### Data provided
*-*-*

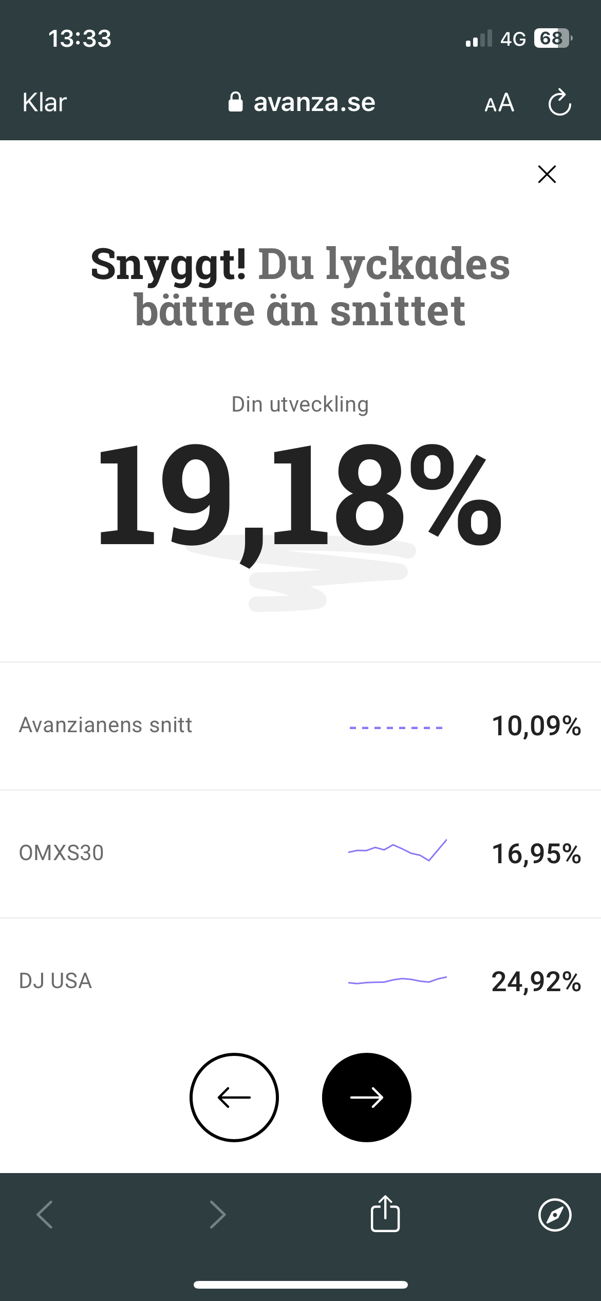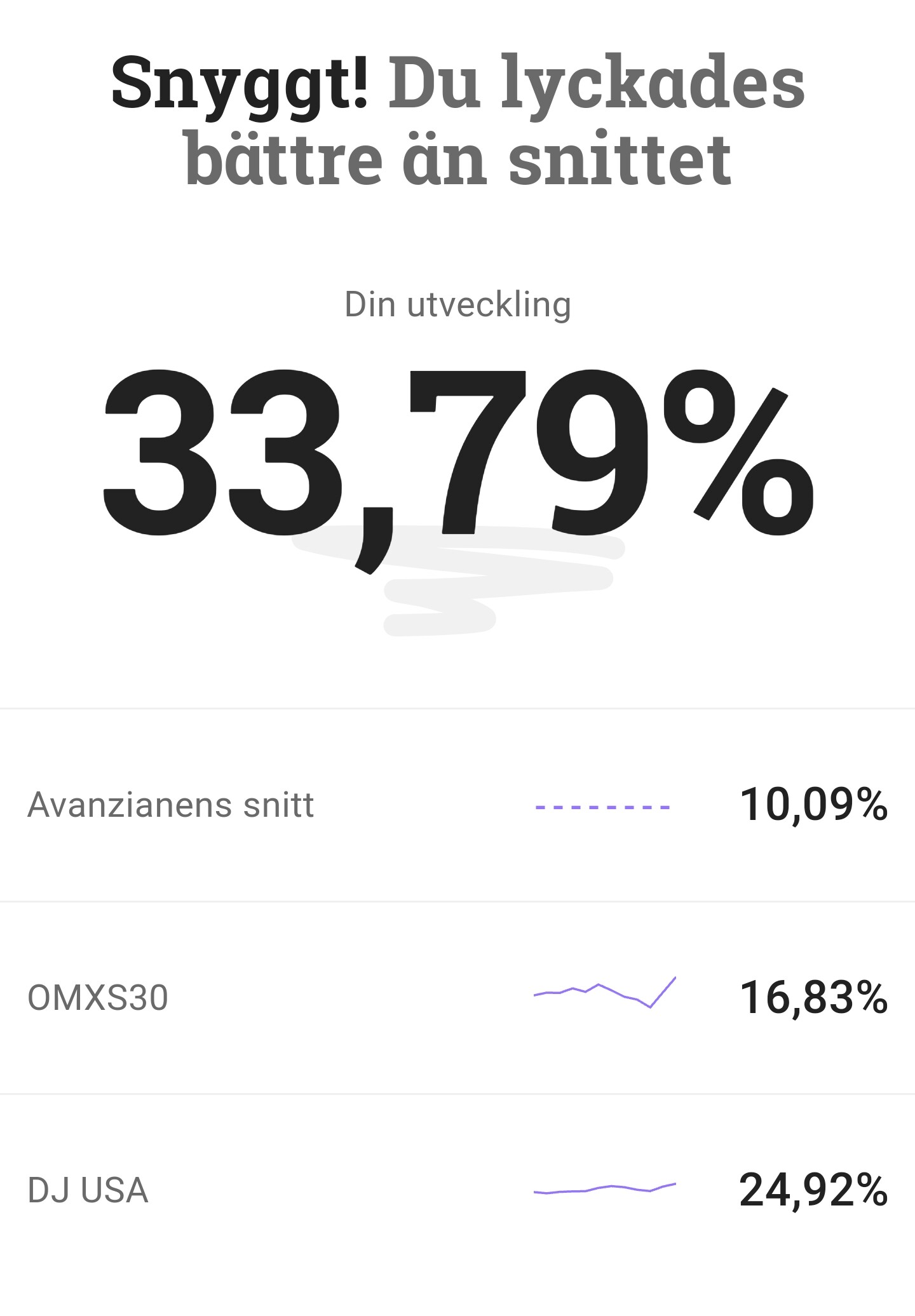 Äger bara indexfonder, anledningen till varför att det gått upp så mycket är för att jag tog lite risk och bytte ut en stor del global mot Sverige när dollarn stod högt och det har betalat av sig.
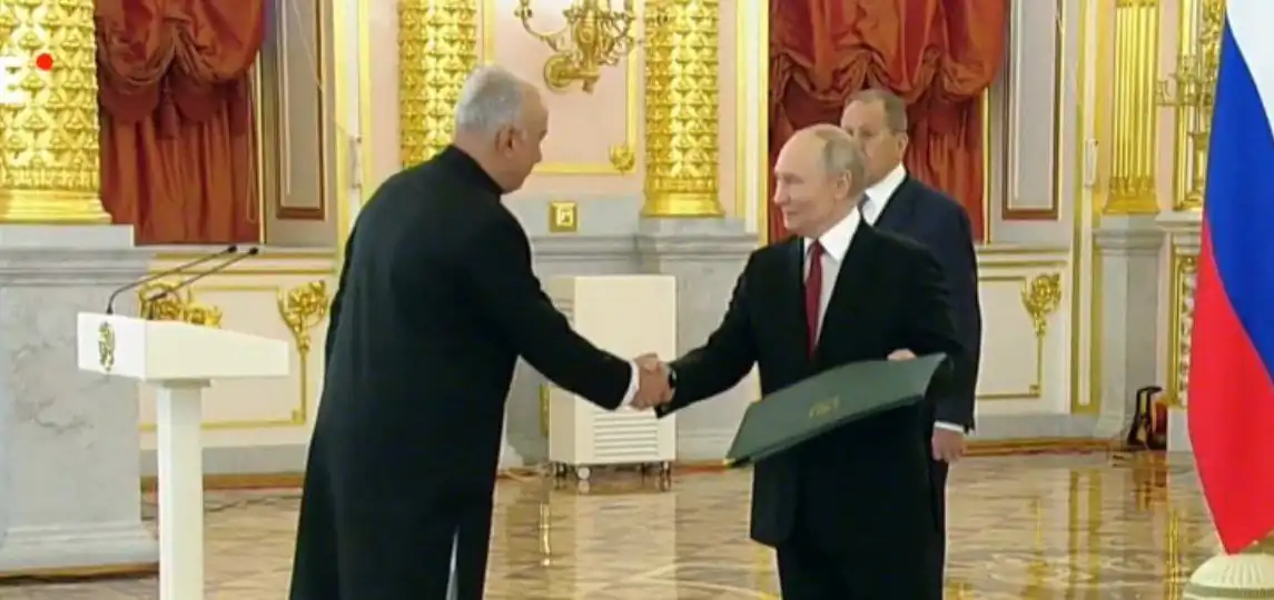ماسکو (اشتیاق ہمدانی)روسی دارالحکومت ماسکو میں اسلامی جمہوریہ پاکستان کے سفیرِ کبیر فیصل نیاز ترمذی نے روسی صدر ولادیمیر ولادیمیرووچ پوتن کو اپنی اسنادِ سفارت پیش کر دیں۔
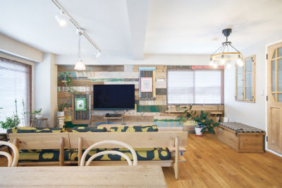 K様ご自身で足を運び、選び抜いた古材やヴィンテージ建具をひとつずつ丁寧に調整して取り付け、味わいあるLDKを実現。ご不便を感じていた水廻りの動線はレイアウトを見直し使いやすく。集中収納できるウォークインクローゼットを新設し、たくさんお持ちのファッションアイテムもスッキリ納まります。「毎日、家に帰るのが楽しみになりました」と大好評です。
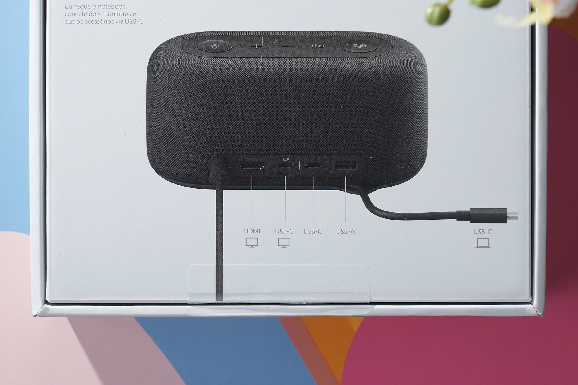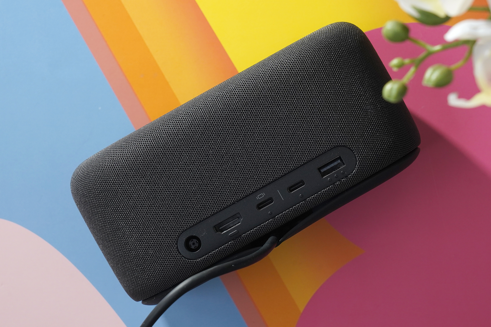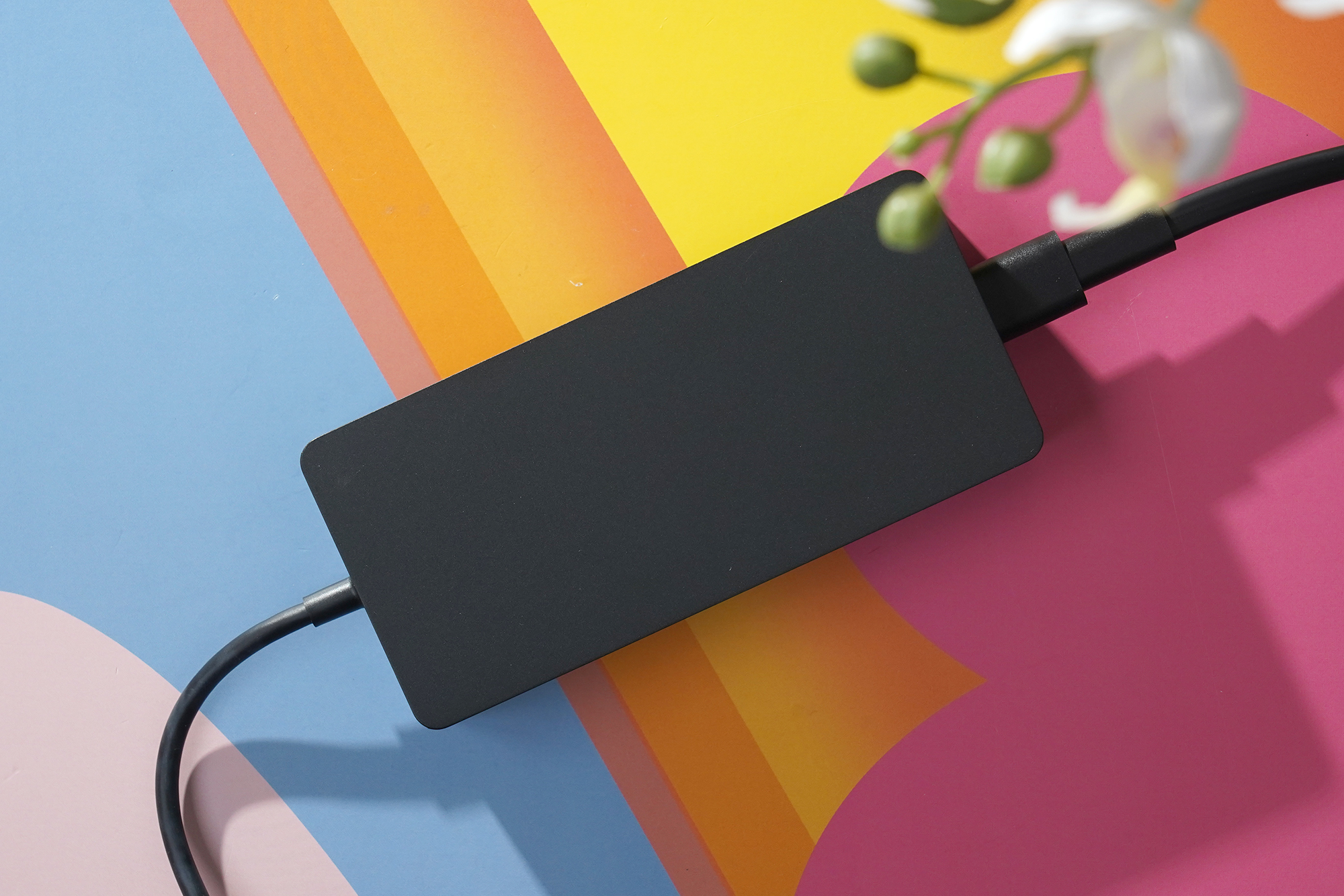 마이크로소프트 오디오독의 뒷면을 살펴보면 포트들이 준비되어 있는데요. 왼쪽부터 파워잭과 HDMI 2.0 그리고 USB-C3.1 Gen2/DP, USB-C 3.1 Gen2, USB-A 3.1 Gen2이 탑재되었습니다. 일반적인 USB 허브와 크게 다르지 않은 모습을 보여주고 있습니다.

*-*-*

### Task
From the data above, write out everything exactly except the pictures.

### Response for this exercise
 Äger bara indexfonder, anledningen till varför att det gått upp så mycket är för att jag tog lite risk och bytte ut en stor del global mot Sverige när dollarn stod högt och det har betalat av sig.
ماسکو (اشتیاق ہمدانی)روسی دارالحکومت ماسکو میں اسلامی جمہوریہ پاکستان کے سفیرِ کبیر فیصل نیاز ترمذی نے روسی صدر ولادیمیر ولادیمیرووچ پوتن کو اپنی اسنادِ سفارت پیش کر دیں۔
 K様ご自身で足を運び、選び抜いた古材やヴィンテージ建具をひとつずつ丁寧に調整して取り付け、味わいあるLDKを実現。ご不便を感じていた水廻りの動線はレイアウトを見直し使いやすく。集中収納できるウォークインクローゼットを新設し、たくさんお持ちのファッションアイテムもスッキリ納まります。「毎日、家に帰るのが楽しみになりました」と大好評です。
 마이크로소프트 오디오독의 뒷면을 살펴보면 포트들이 준비되어 있는데요. 왼쪽부터 파워잭과 HDMI 2.0 그리고 USB-C3.1 Gen2/DP, USB-C 3.1 Gen2, USB-A 3.1 Gen2이 탑재되었습니다. 일반적인 USB 허브와 크게 다르지 않은 모습을 보여주고 있습니다.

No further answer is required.